Moment of Inertia of Triangular loop made of rods only about an axis passing through one of the vertex and in the plane of loop parallel to the base

Question

This question is from electrodynamics although I am stuck in the mechanics part here.

$AB$,$BC$,$CA$ are wires/rods, we needed to calculate Moment of Inertia(MOI) about an axis $xx'$ parallel to BC and in the plane of loop, each wire/rod is of mass $m$ and length $l$.

I tried calculating MOI about the centroid i.e center of mass(COM), and then using parallel axes theorem, the distance between side and centroid is d = $\frac{l}{2 \sqrt3}$ so calculating MOI perpendicular to the plane about COM would be 3($\frac{ml^2}{12}$ + $md^2$). Now using perpendicular axes theoram $I_x$ + $I_y$ = $I_z$, here I know $I_y$ would be equals $\frac {ml^2}{12}$ but how do I calculate $I_x$?

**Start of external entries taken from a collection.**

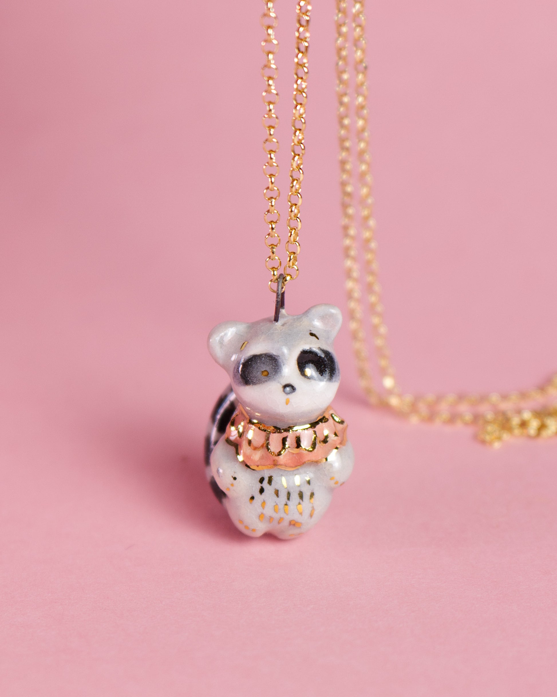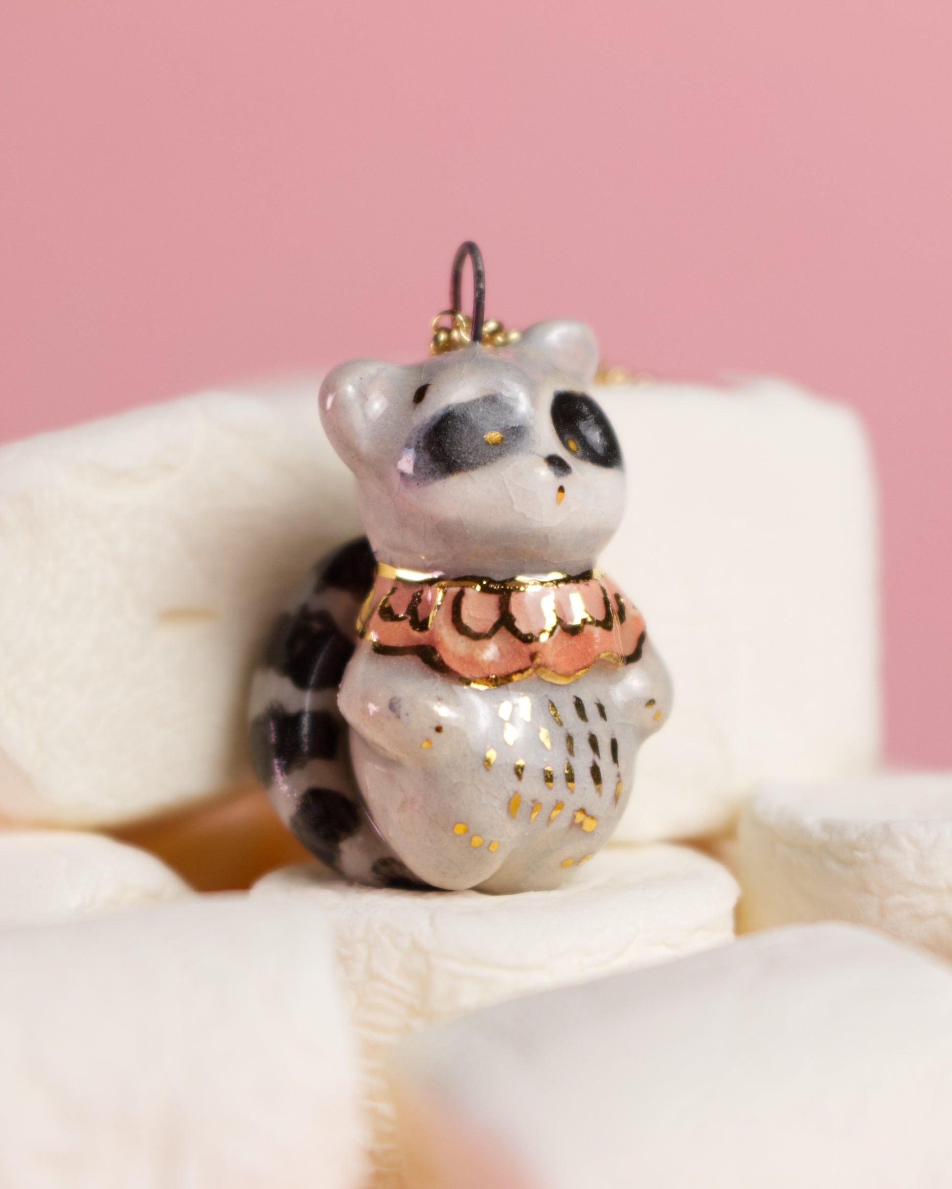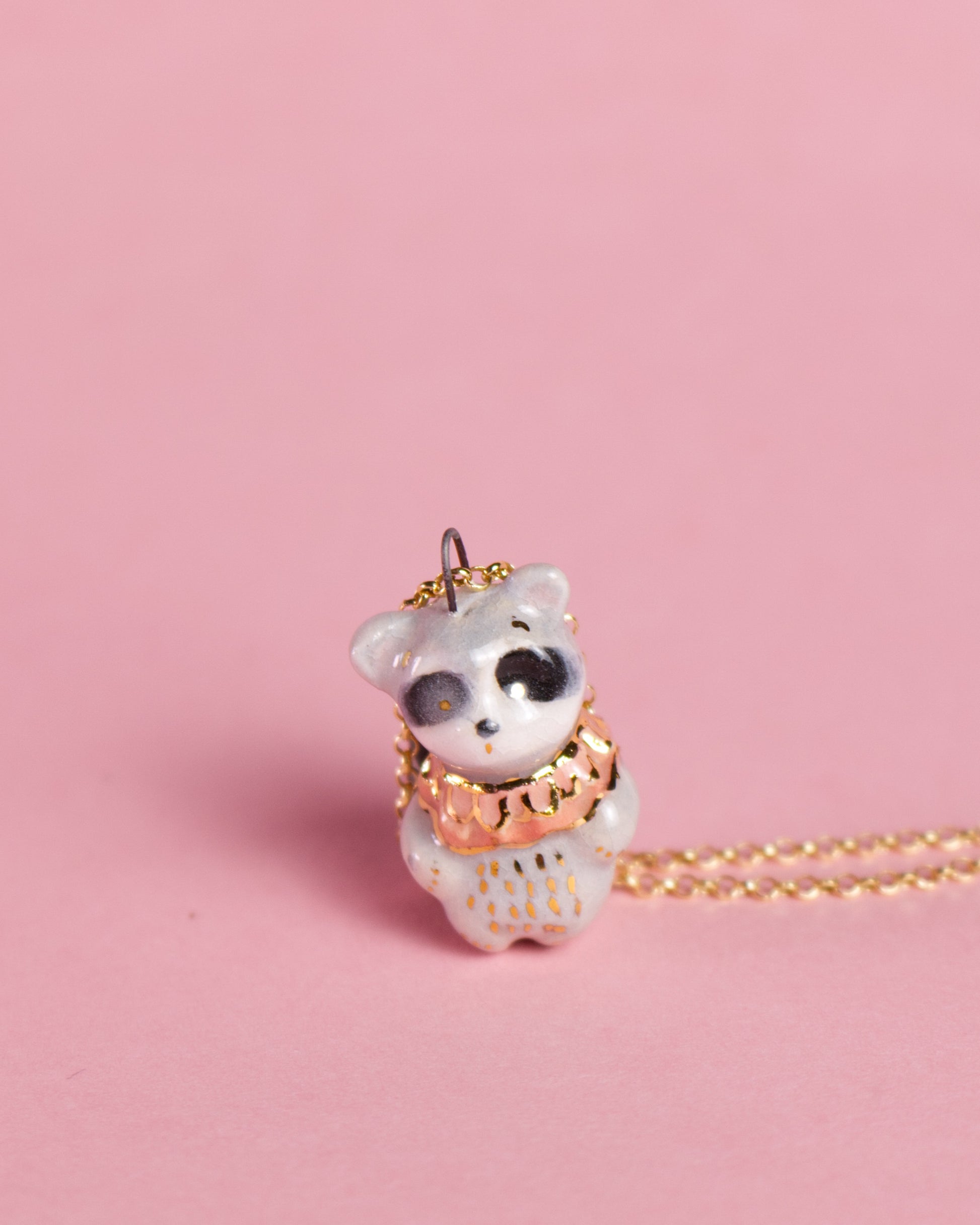 Ručne tvarovaný keramický prívesok – medvedík čistotný Tomy (druhý výpal pri 1040 °C)
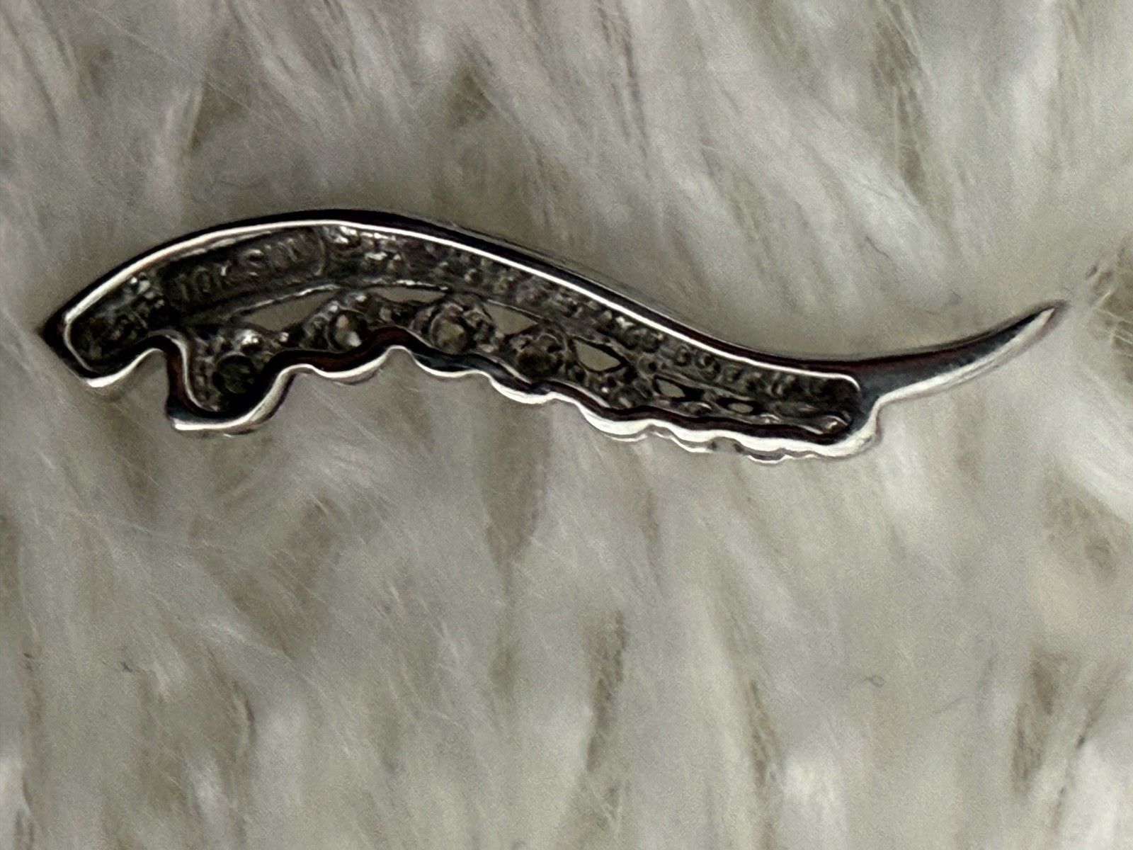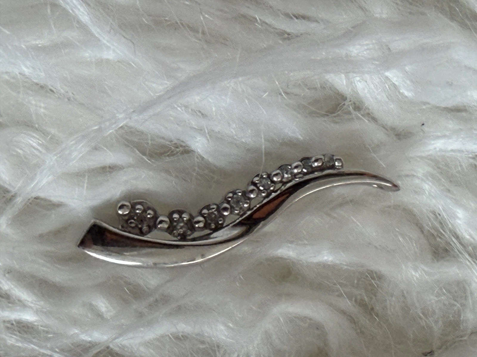 Vintage 1 curved bar 10k White Gold pendant necklace with round-cut diamonds
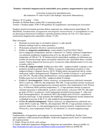 Pomiary własności magnetycznych materiałów przy pomocy magnetometru typu squid ćwiczenie na pracowni specjalistycznej dla studentów IV roku Fizyki Ciała Stałego i InŜynierii Materiałowej Miejsce: IF UJ pokój −156A Kontakt: dr Michał Rams, pokój 020, [email protected] Termin: 3 kolejne piątki, 9.00-15.00 (godziny do uzgodnienia z prowadzącym ćwiczenie) Studenci przed ćwiczeniem powinni dobrze zapoznać się z dołączonymi materiałami: M. McElfresh, Fundamentals of magnetism and magnetic measurements, w szczególności w części dotyczącej mierzonych wielkości i sposobu pomiaru (strony od 5 do 15) i znać typowe zachowania magnetyczne materiałów (strony 15-28). Plan ćwiczenia: • Dyskusja na temat tego co się będzie mierzyć, w jaki sposób. • Dolanie ciekłego helu (w miarę potrzeby). • Wykonanie pomiarów dla dwu z poniŜszych próbek. • Próbka A: magnetyk molekularny, octan miedzi Cu2(CH3COO)4*2H2O. Jest to magnetyk molekularny złoŜony z dimerów Cu. NaleŜy zmierzyć temperaturową zaleŜność podatności magnetycznej χ(T), np. dla pola H=5000 Oe, w zakresie temperatur od 300 do 5 K. W dostarczonych materiałach znajdują się informacje potrzebne do teoretycznego opisu otrzymanej zaleŜności jak i potrzebne dane o octanie miedzi. NaleŜy dopasować krzywą χ(T), wyznaczyć stałą oddziaływania Cu-Cu oraz czynnik g dla Cu. • Próbka B: nadprzewodnik. Próbką jest ołów (Pb) – nadprzewodnik I rodzaju o temperaturze przejścia poniŜej 10 K. NaleŜy wyznaczyć temperaturę przejścia w stan nadprzewodzący i diagram fazowy (H,T). Próbkę naleŜy przygotować tak by zminimalizować wpływ demagnetyzacji. Diagram (H,T) moŜna wyznaczyć z serii pomiarów ZFC/FC. Wyniki trzeba skonfrontować z teorią nadprzewodnictwa BCS. Próbką moŜe być teŜ niob (Nb) - nadprzewodnik II rodzaju. • Próbka C: ferromagnetyk. NaleŜy zmierzyć: a) temperaturową zaleŜność momentu M(T) w polu np. 1000 Oe, dla temperatur 300-10K. Z tego pomiaru moŜna wyznaczyć stałą Curie, a z niej paramagnetyczny moment atomów oraz temperaturę Curie-Weissa θCW. b) histerezę M(H) poniŜej temperatury Tc. Z tego pomiaru moŜna wyznaczyć moment nasycenia w jednostkach µB/atom i pole koercji. c) krzywe ZFC/FC dla małego pola (10 Oe) i wyznaczyć z nich temperaturę przejścia krytycznego Tc (dla twardych ferromagnetyków). d) zaleŜność M(T) dla małego pola (10 Oe) w sąsiedztwie przejścia fazowego. Z tego pomiaru dla miękkiego ferromagnetyka moŜna dopasować wykładnik krytyczny β dla T<Tc (dla miękkich ferromagnetyków). • Próbka D: antyferromagnetyk. NaleŜy zmierzyć: a) temperaturową zaleŜność momentu M(T) w polu np. 1000 Oe, dla temperatur 300-5K. Z tego pomiaru moŜna wyznaczyć stałą Curie, a z niej paramagnetyczny moment atomów, temperaturę CurieWeissa θCW oraz temperaturę Neela TN. b) zaleŜność TN od pola magnetycznego. Literatura Fundamentals of magnetism and magnetic measurements, M.McElfresh, Purdue Univ. (opis aparatury i kilku prostych przykładów zachowań magnetycznych, ksero w materiałach do wypoŜyczenia) C. Kittel, Wstęp do fizyki ciała stałego O. Kahn, Molecular magnetism (fragmenty dołączone do materiałów, dotyczy próbki A) http://hyperphysics.phy-astr.gsu.edu/hbase/solids/scond.html (dotyczy próbki B) Próbka B, nadprzewodnik I rodzaju, Pb Podstawowe informacje na temat nadprzewodników moŜna znaleźć w C. Kittel, Wstęp do fizyki ciała stałego http://hyperphysics.phy-astr.gsu.edu/hbase/solids/scond.html Przygotowanie próbki Pb. Próbka powinna mieć jak najbardziej wydłuŜony kształt, po to by zminimalizować wpływ demagnetyzacji. Długość próbki nie powinna przekraczać 5mm. Próbkę o takim kształcie moŜna przygotować z drutu ołowianego 0.5mm lub wyciąć skalpelem z ołowiu. Próbkę naleŜy zwaŜyć i wkleić do rurki, tak by pręcik Pb był ułoŜony wzdłuŜ rurki (wzdłuŜ pola magnetycznego). Klej GE-varnish schnie około 30min, czas ten moŜna skrócić do 5min delikatnie podgrzewając suszarką. Pomiary z Pb. W stanie normalnym sygnał pomiarowy jest znikomy. Dlatego próbkę naleŜy wycentrować w fazie nadprzewodzącej, w polu mniejszym niŜ pole krytyczne (np. w polu H=100 Oe, T=6 K) . Pomiary dobrze zacząć od pola 100 Oe i zakresu temperatur 10–2K. MoŜna uŜyć sekwencji: Następnie dla najniŜszej temperatury (2 K lub 1.8 K) naleŜy zrobić pomiar M(T=const, H) tak, Ŝeby wyznaczyć pole krytyczne Bc(2 K) oraz podatność magn. w fazy nadprzewodzącej. Sekwencja pomiarowa moŜe wyglądać np. tak: Następnie trzeba zaprogramować serię pomiarów ‘field cooling’ dla róŜnych pól H. śeby zoptymalizować czas pomiarów naleŜy narysować teoretyczny diagram HT i zaplanować dla jakich pól i zakresów temperatur wykonać pomiary i napisać odpowiednią sekwencje pomiarową. Otrzymane wyniki naleŜy porównać z przewidywaniami teorii BCS. W szczególność moŜna sprawdzić: Czy jest to idealny diamagnetyk? Czy wyniki tablicowe dla Pb są takie same? Czy jest to nadprzewodnik I czy II rodzaju? Czy krzywa H(T) zgadza się z BCS? Próbka A: octan miedzi. Literatura O. Kahn, Molecular magnetism (potrzebne fragmenty dołączone) Przygotowanie próbki Octan miedzi jest w postaci proszku. Sygnał od tej próbki jest bardzo mały i trzeba tak zamontować próbkę w rurce, Ŝeby zminimalizować sygnał od mocowania próbki. NaleŜy oszacować moment magnetyczny paramagnetycznych spinów miedzi w 300 K w polu 5000 Oe. Mierzony moment próbki nie moŜe przekraczać 1 emu. Najlepiej zrobić pastylkę, o masie około 100mg, o średnicy 5mm. Pastylkarką 5mm naleŜy posługiwać się bardzo ostroŜnie Ŝeby jej nie uszkodzić. Dopuszczalny nacisk prasy dla pastylkarki 5mm wynosi maksymalnie 500 kg. Zrobioną pastylkę moŜna umieścić w odpowiednio ponakłuwanej rurce. Przy czyszczeniu pastylkarki nie moŜna jej skrobać metalowymi narzędziami ani papierem ściernym ! Pom

Should I use this approach or is there any other approach for this?

The answer given is $\frac{5ml^2}{4}$.

Any help would be appreciated

Answer 1

Look at the Fig.

The moment of Inertia towards the y' axes (green arrow) must be transformed to (x,y,z) this can obtain with this equation

$$\mathbf I_{xyz}=\mathbf R\,\mathbf I_{x'y'z'}\,\mathbf R^T$$

where $~\mathbf R~$ isthe transformation matrix between $~x'y'z'~$ and $~xyz~$ system and $~\mathbf I~$ is the inertia tensor

$$\mathbf R= \left[ \begin {array}{ccc} \cos \left( \alpha \right) &\sin \left( \alpha \right) &0\\-\sin \left( \alpha \right) & \cos \left( \alpha \right) &0\\ 0&0&1\end {array} \right] \quad,\alpha=\frac{\pi}{3}\\ \mathbf I_{x'y'z'}=\left[ \begin {array}{ccc} 0&0&0\\ 0&{\it I_{y'}}&0 \\ 0&0&0\end {array} \right]\quad\Rightarrow\\ \mathbf I_{xyz}=\left[ \begin {array}{ccc} \left( \sin \left( \alpha \right) \right) ^{2}{\it I_{y'}}&\sin \left( \alpha \right) {\it I_{y'}}\,\cos \left( \alpha \right) &0\\ \sin \left( \alpha \right) {\it I_{y'}}\,\cos \left( \alpha \right) & \left( \cos \left( \alpha \right) \right) ^{2}{\it I_{y'}}&0\\ 0&0&0 \end {array} \right] $$

thus $~I_x=\sin^2(\alpha)\,I_{y'}=\frac{3}{4}\,\underbrace{\frac{m\,L^2}{12}}_{I_{y'}}~$

for the 3 rods you obtain

$$I_\color{red}X=2\,\left(I_{x_1}+m\,H{_1}^2\right)+m\,H_3^2\\ H_1=\frac L2\,\sin(\pi/3)\\ H_3=L\,\sin(\pi/3)$$

$\Rightarrow~I_\color{red}X=\frac 54 m\,L^2$

Answer 2

UPDATE(Final solution): We can use the basic $\int r^2 dm$ to calculate MOI of a rod through its end point about an axis at an angle $\theta$ , which comes out to be $\frac{1}{3} ML^2 \sin^2(\theta)$, The angle $x'AC$ and $x'AB$ equals $\frac{\pi}{3}$ and $\frac{2\pi}{3}$ respectively so we can calculate MOI of $AB$ and $AC$, now we can consider BC to be a normal point mass concentrated at the COM i.e mid point of BC and calculate its MOI using $\lambda^2 M$ where $\lambda$ is the distance of A from COM of BC and now adding MOI due to all three rods we get the final result.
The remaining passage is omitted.